If you are having sex, make sure you protect yourself against sexually transmitted infections (STIs) and unwanted pregnancy.

Remember that contraceptive pills/implants do not cover you for STIs – only condoms provide the most protection.

Mental health and wellbeing

Exercise and eating well is vital in maintaining good health.

  • Healthy eating on a budget
  • Mental Health is not something to be ashamed about and is taken very seriously in Australia. If you are experiencing sadness for long periods of time, confused thinking, excessive fears, worries and anxieties, negative changes in eating or sleeping habits, social withdrawal, suicidal thinking, alcohol or drug abuse, the inability to cope with stress or any other ongoing feelings that stop you from being able to function normally, please contact a doctor, the UOW counselling service or a Student Support Coordinator

Breast health awareness

Supporting someone else

Is immediate safety at risk?

If the person is at risk of self-harm or suicide

  • Encourage them to seek immediate help
  • If they are unable or unwilling to seek help, organise help for them and stay with them until it is in place: call the NSW Mental Health Line on 1800 011 511 for advice.

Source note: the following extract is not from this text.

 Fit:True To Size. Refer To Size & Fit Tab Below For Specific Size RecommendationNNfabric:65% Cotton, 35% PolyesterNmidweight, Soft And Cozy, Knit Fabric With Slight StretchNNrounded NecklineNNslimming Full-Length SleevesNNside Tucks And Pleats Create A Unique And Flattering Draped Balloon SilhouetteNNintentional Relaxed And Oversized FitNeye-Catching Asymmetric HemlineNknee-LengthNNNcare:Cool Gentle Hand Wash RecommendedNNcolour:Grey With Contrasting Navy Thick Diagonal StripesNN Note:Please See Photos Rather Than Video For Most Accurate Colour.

If immdiate safety is not at risk

  • Make an appointment with a UOW counsellor - call 4221 3445, 9.00 am to 4.30 pm Monday to Friday.
  • Call or text the UOW Afterhours Crisis Support Line
  • Seek support from the person's friends and family
  • Contact the person's doctor
  • Contact an organisation such as Lifeline on 13 11 14 or Beyond Blue on 1300 224 636 

You may find it tough supporting someone with a mental health issue and even avoid discussing what they are experiencing because you don't know what to say, or you're afraid about saying the wrong thing.

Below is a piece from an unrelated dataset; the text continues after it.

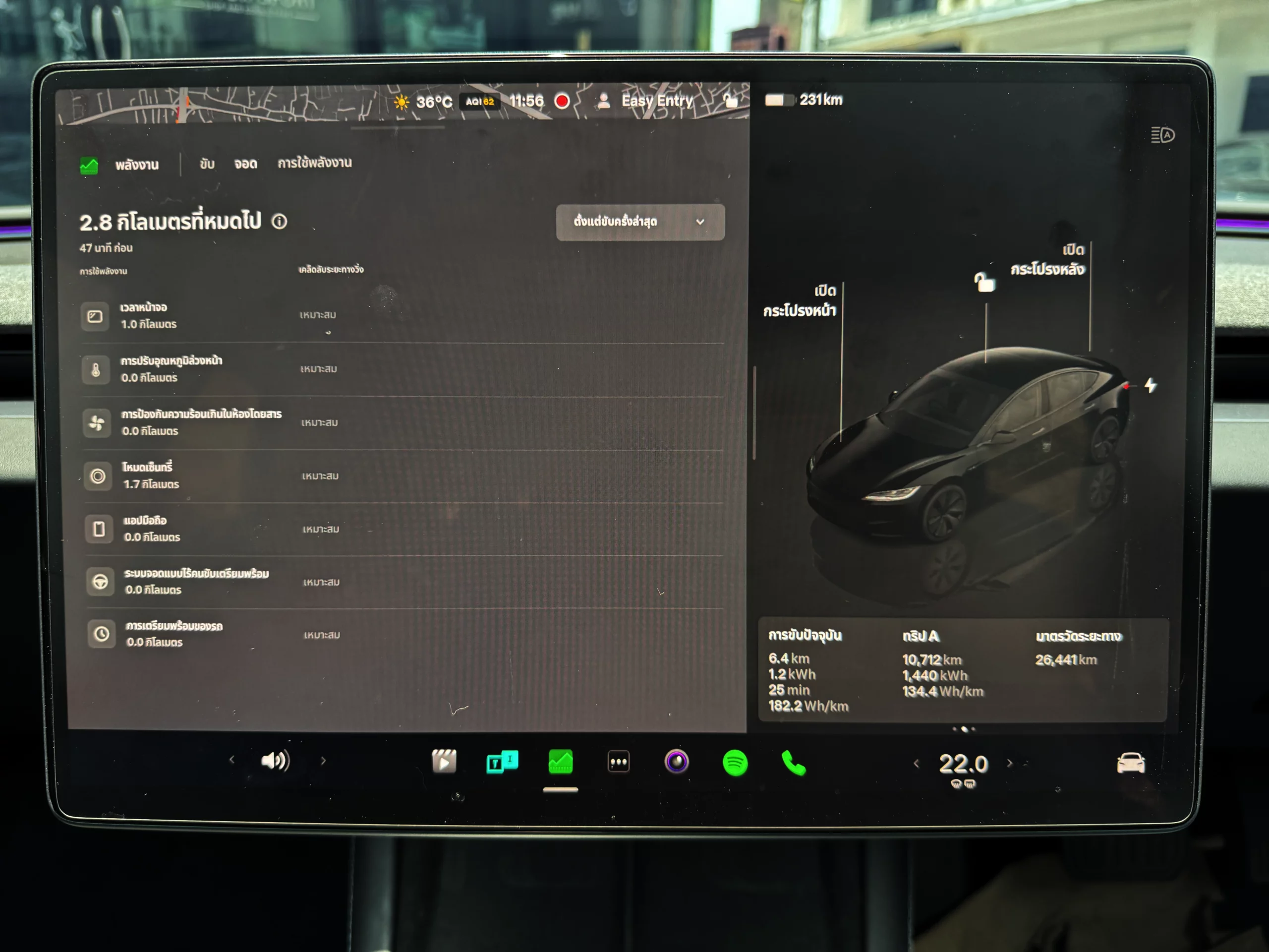 สามารถเช็คการใช้แบตเตอรี่ขณะจอดรถ ได้ที่ แอปพลังงาน (Energy) และเลือก จอด

Supporting them and acknowledging how they feel can make a real difference--even if it is just staying in contact, listening and showing you are there. There is no 'one size fits all' model for supporting someone who is in distress.

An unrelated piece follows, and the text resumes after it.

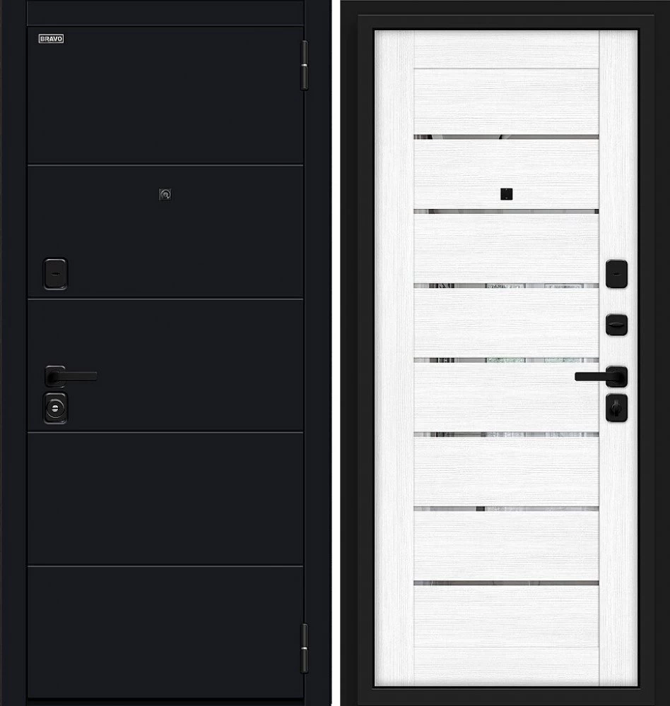 Надежная входная Дверь Браво Прайд Total Black/Snow Melinga премиум класса по цене 39 309 руб. Большая толщина стали защитит от проникновения в ваш дом, квартиру или коттедж. Используется очень качественная фурнитура: замки, цилиндры, ручки, защелки. Покрытие и отделка двери изготовлено под внимательным контролем производителя. Дверь имеет долгий срок службы и гарантию.

Tips to help when someone needs your support

  • Ask how they are and make sure you have the time to really listen to their response.
  • Be positive, sensitive and encouraging.
  • Ask if there is anything that you can do to help.
  • Keep the conversation open and relaxed.
  • Encourage them to keep regular contact with you and others
  • Try to engage them in healthy lifestyle activities e.g. healthy eating, getting enough sleep and getting some regular exercise.
  • Invite them to do some activities together (such as exercising, socializing, joining a sporting group, watching movies).
  • Provide some specific information about what they are experiencing e.g. books, brochures and offer to make an appointment and/or take them to their doctor or mental health professional for additional support.
  • Use 'I' statements? such as 'I'm worried ... 'or 'I have noticed'.
      

Try not to ...

  • Make unhelpful or dismissive comments like 'snap out of it', 'pull yourself together'; 'forget about it'; 'I know how you feel'. These comments can invalidate their experience.
  • Pressure them to into discussing their issues with you if they don't want to.
  • Make fun of their mental health issues.
  • Avoid them or avoid discussing suicide and self-harm. It can be difficult to know what to say, but usually when people talk about suicide they are looking for help. Just being there for them is important.
  • Get frustrated and use words like 'psycho' or 'crazy'.
  • Feel guilty if you didn't notice that they had a mental health issue. People often hide their symptoms from close friends and family.
      

The Headspace website features more information on what to look out for and how to support those you are concerned about, with resources on a range of topics from mental health, substance abuse, work/life balance and physical health.